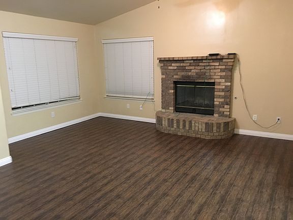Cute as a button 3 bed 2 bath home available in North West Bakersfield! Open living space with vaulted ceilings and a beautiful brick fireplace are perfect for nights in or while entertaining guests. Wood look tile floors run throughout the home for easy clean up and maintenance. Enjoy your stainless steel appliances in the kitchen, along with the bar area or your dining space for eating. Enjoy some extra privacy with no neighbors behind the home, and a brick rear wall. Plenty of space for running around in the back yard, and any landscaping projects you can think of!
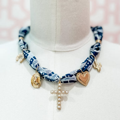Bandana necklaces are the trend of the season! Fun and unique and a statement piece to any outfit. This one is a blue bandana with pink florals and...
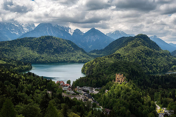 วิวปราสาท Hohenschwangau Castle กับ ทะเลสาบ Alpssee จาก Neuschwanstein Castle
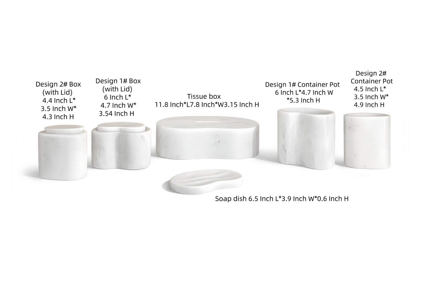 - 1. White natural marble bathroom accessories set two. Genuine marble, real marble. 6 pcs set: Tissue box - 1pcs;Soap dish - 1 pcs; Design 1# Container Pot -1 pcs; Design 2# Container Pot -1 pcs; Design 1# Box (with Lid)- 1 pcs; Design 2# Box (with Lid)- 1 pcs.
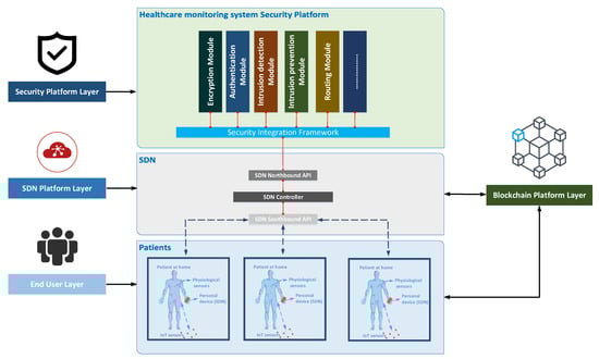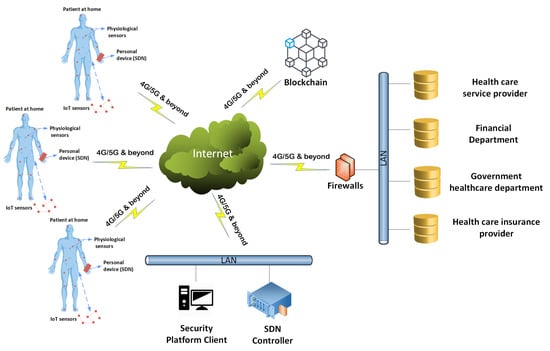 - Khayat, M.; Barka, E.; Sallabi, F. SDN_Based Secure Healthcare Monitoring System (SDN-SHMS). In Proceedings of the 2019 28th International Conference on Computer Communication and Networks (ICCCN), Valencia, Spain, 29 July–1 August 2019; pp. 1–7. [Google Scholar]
==================================================
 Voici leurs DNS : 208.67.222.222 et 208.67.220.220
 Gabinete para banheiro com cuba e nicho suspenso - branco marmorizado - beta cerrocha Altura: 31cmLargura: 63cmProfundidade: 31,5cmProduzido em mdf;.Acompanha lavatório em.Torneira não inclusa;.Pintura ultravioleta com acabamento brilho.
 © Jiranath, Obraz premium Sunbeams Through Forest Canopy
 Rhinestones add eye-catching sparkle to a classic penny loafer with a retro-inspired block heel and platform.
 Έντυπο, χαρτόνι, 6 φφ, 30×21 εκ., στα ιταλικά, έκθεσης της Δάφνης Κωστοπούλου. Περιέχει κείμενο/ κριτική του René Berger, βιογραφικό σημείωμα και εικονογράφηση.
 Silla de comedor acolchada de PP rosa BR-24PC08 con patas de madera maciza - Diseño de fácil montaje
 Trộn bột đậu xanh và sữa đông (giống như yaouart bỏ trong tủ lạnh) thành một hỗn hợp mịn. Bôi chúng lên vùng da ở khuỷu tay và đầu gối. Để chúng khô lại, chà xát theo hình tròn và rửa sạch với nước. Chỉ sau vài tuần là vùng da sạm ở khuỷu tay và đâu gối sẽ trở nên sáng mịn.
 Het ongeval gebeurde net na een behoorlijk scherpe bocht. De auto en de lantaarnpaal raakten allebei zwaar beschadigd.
==================================================
What you will do — Set down only the lines above that fall between the line holding "Voici leurs DNS" and the line holding "Het ongeval gebeurde", inclusive, keeping each exact.

Response to this exercise —
 Voici leurs DNS : 208.67.222.222 et 208.67.220.220
 Gabinete para banheiro com cuba e nicho suspenso - branco marmorizado - beta cerrocha Altura: 31cmLargura: 63cmProfundidade: 31,5cmProduzido em mdf;.Acompanha lavatório em.Torneira não inclusa;.Pintura ultravioleta com acabamento brilho.
 © Jiranath, Obraz premium Sunbeams Through Forest Canopy
 Rhinestones add eye-catching sparkle to a classic penny loafer with a retro-inspired block heel and platform.
 Έντυπο, χαρτόνι, 6 φφ, 30×21 εκ., στα ιταλικά, έκθεσης της Δάφνης Κωστοπούλου. Περιέχει κείμενο/ κριτική του René Berger, βιογραφικό σημείωμα και εικονογράφηση.
 Silla de comedor acolchada de PP rosa BR-24PC08 con patas de madera maciza - Diseño de fácil montaje
 Trộn bột đậu xanh và sữa đông (giống như yaouart bỏ trong tủ lạnh) thành một hỗn hợp mịn. Bôi chúng lên vùng da ở khuỷu tay và đầu gối. Để chúng khô lại, chà xát theo hình tròn và rửa sạch với nước. Chỉ sau vài tuần là vùng da sạm ở khuỷu tay và đâu gối sẽ trở nên sáng mịn.
 Het ongeval gebeurde net na een behoorlijk scherpe bocht. De auto en de lantaarnpaal raakten allebei zwaar beschadigd.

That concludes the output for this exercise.